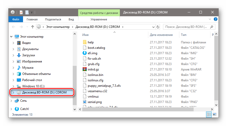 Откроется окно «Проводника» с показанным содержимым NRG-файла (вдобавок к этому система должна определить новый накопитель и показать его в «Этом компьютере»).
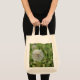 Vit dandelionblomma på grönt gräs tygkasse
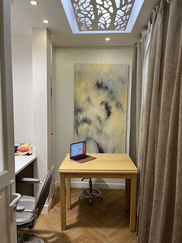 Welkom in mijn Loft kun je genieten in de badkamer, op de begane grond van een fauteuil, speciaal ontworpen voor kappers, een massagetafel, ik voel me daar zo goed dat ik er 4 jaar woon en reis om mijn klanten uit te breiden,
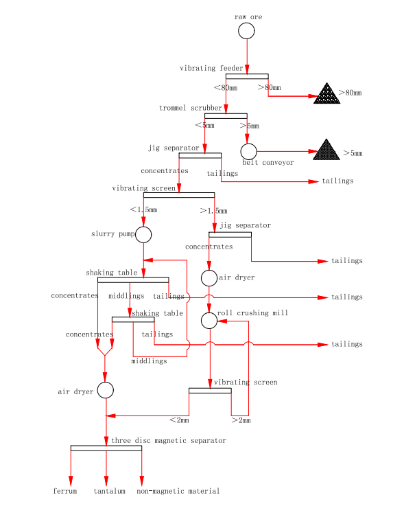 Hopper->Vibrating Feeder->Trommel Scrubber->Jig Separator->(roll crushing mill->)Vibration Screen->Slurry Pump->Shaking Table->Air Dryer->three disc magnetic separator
--------------------------------
Output the lines of the data exactly, starting at the first and ending with the line that has "Vit dandelionblomma på grönt gräs tygkasse". Pictures are not part of it.

| Completed exercise |
 Откроется окно «Проводника» с показанным содержимым NRG-файла (вдобавок к этому система должна определить новый накопитель и показать его в «Этом компьютере»).
 Vit dandelionblomma på grönt gräs tygkasse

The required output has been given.